Сказанное не умаляет организационных заслуг Хабарова. Готовясь к походу, он тщательно вник в специфику территориально-политической обстановки в Приамурье, для чего использовал материалы Пояркова, донесения действовавших в Забайкалье командиров130. Ещё в Якутске, на основании собранных сведений, Хабаров предположил, что «князя Борбоя» в реальности не существует. Зато есть расположенные к югу от Амура «Богдойское» (т.е. - маньчжурское) и враждующее с ним «Никанское» (т.е. - китайская Империя Мин) государства. При этом Хабаров сделал вывод, что Приамурье не входит в число владений «богдойского царя» и, следовательно, по бытовавшим нормам международного права, любые действия России здесь будут легитимными. Накануне похода он писал Францбекову: «И та новая Даурская земля будет Государю вторым Сибирским царством. И впредь будет эта Даурская земля прочна и по- стоянна»131.
Начало похода Хабарова осенью 1649 г. позволяет предполагать координацию его действий с русским отрядами в Забайкалье, т.е. - рассматривать его не как одиночную экспедицию, а часть общего плана по расширению территории России на Юго-Восточном фронтире.
Выступив из Якутска, Хабаров проследовал вверх по Лене, Олёкме, Тунгиру. Истоков последней из этих рек он достиг в январе 1650 г. Судя по всему, Хабаров целенаправленно стремился к самой пониженной части Станового хребта - Олёкминскому Становику, высоты которого не превышают 500 м, тогда как Поярков преодолевал этот природный барьер по отметкам 1 тыс. метров и более. Таким образом, он открыл Тунгирский волок - стратегическое понижение в горах, которое будет иметь решающее значение в обеспечении связи Приамурья с Якутией.
Тем не менее, преодоление этого пункта и выход к истокам небольшого левого притока Амура, речки Урки, занял у Хабарова почти три месяца. Очевидно, что эту медлительность можно объяснить:
- переброской большого количества грузов;
- необходимостью проявления крайней осторожности и ведения разведки: Хабаров знал, что выдвигается в пределы враждебно настроенных земель.
Зато затем, в течение считанных дней он спустился по Урке, достигнув Верхнего Амура на 200 км ниже места слияния Шилки и Аргуни.
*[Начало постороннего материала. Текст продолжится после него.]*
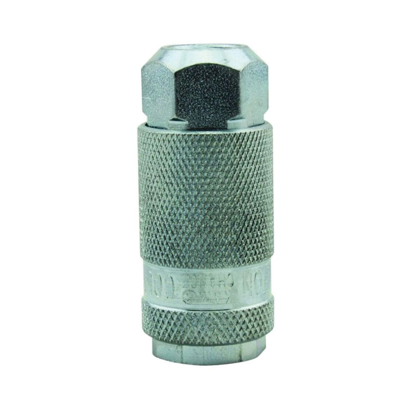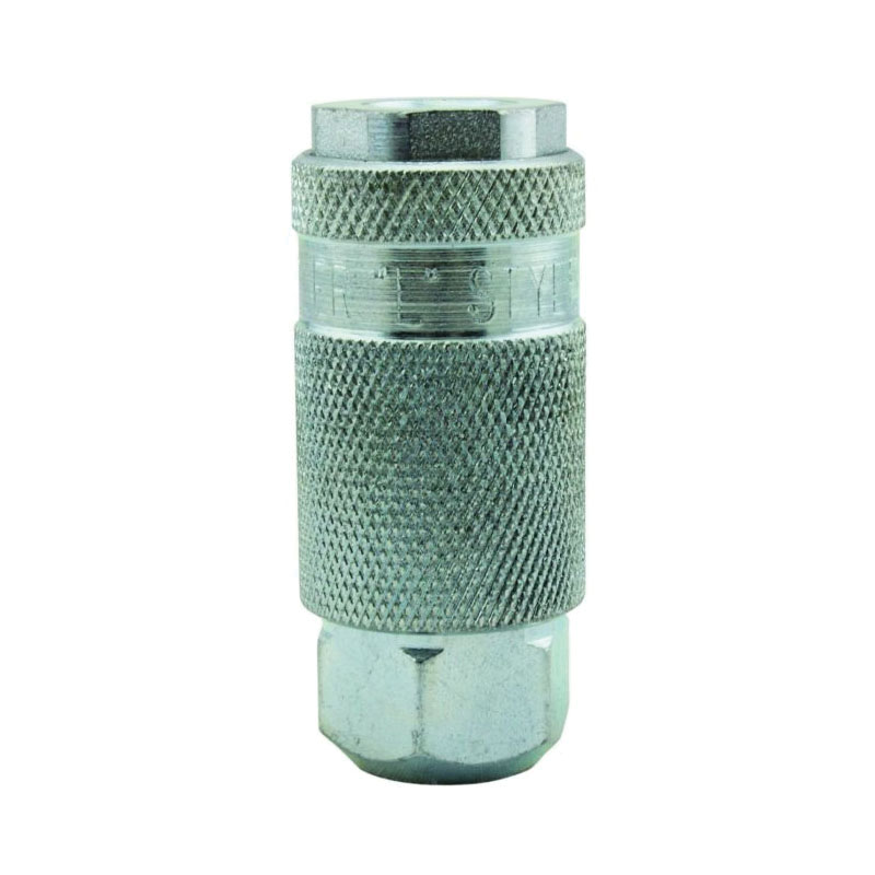 1/4 in FNPT L-style Coupler is steel plated to resist rust. L-style Couplers have a 1/4 in basic flow size and a maximum pressure of 300 psi. This push type Coupler has a maximum of 32 scfm and a Buna-N seal.

Место, выбранное Хабаровым для вступление в Приамурье, представляется не случайным. Он пересёк Становой хребет значительно западнее Пояркова. Так он зашёл во фланг центральной части владений дауров, которые были настороже и ожидали нового возможного появления русских со стороны верховий Селемджи. Следовательно, Хабаров вышел на Амур оттуда, откуда его не ждали. Кроме того, этот манёвр диктовался ещё одним моментом. В это время действовавший в Забайкалье отряд И. Галкина заложил в месте слияния Шилки и Аргуни Усть-Стрелочный острог. Это укрепление находилось в ближайшем тылу Хабарова, и, в случае неудачи, он мог отступить под его прикрытие.
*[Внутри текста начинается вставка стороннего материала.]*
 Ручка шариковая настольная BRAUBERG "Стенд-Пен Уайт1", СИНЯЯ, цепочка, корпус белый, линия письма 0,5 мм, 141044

Обстановка в Приамурье Хабарову не благоприятствовала. Дауры и дючеры были настроены враждебно132. К тому же, они вступили в контакт с прибывшими на Амур эмиссарами Империи Цин, которых сюда привели сведения о походе Пояркова133. Маньчжурские послы наверняка обещали им политическое покровительство и военную помощь134.
Первый же даурский «князь» Лавкай, во владениях которого, следуя по Урке, оказался Хабаров, бежал со своими людьми вниз по Амуру. Казаки заняли оставленный ими городок135. Позже Лавкай явился на встречу с командиром русского отряда, но вёл себя он заносчиво. На предложение Хабарова о ведении мирных переговоров, он ответил: «Ты обманываешь! ... Мы вас, казаков, знаем ... [вы - авт.] ... хотите всех нас побить»136.
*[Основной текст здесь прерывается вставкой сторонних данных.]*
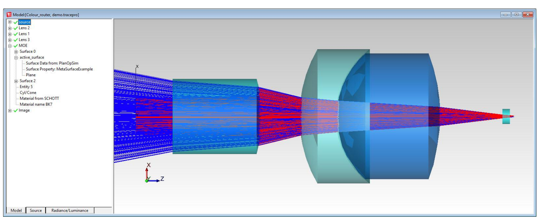 TracePro 2025.3 引入了一項強大的新功能:支持使用 PlanOpSim 光線追蹤 (PRST) 文件模擬超表面。這些文件由 PlanOpSim 的 Meta-Component 軟件生成,使設計人員能夠對具有納米結構圖案的表面行為進行建模,這些圖案可以以傳統(tǒng)光學器件無法做到的方式彎曲、聚焦或縱光線。超表面在 AR/VR、成像和緊湊型傳感系統(tǒng)等領域迅速興起,TracePro 現在為工程師提供了將這些組件直接集成到其光學工作流程中的工具。

Таким образом, Хабаров, находясь теперь уже «на месте», должен был внести дополнительные коррективы в то представление о регионе, где ему предстояло действовать. На сбор и анализ необходимых сведений ушла большая часть весны 1650 г. За это время удалось установить позитивные отношения с племенами «конных» тунгусов и солонов.
«Конные» тунгусы давно враждовали с даурами, и потому охотно пошли на контакт с Хабаровым. Кроме того, их «князь» Гантимур был осведомлён об успешном продвижении русских в Забайкалье, и, видимо, уже сделал свой политический выбор. Что касается солонов, то ещё накануне похода Пояркова, они в течение нескольких лет вели на юго-восточном рубеже своих владений упорные оборонительные сражения против маньчжуров. Значит, дав им союзнические гарантии, Хабаров мог приобрести их лояльность.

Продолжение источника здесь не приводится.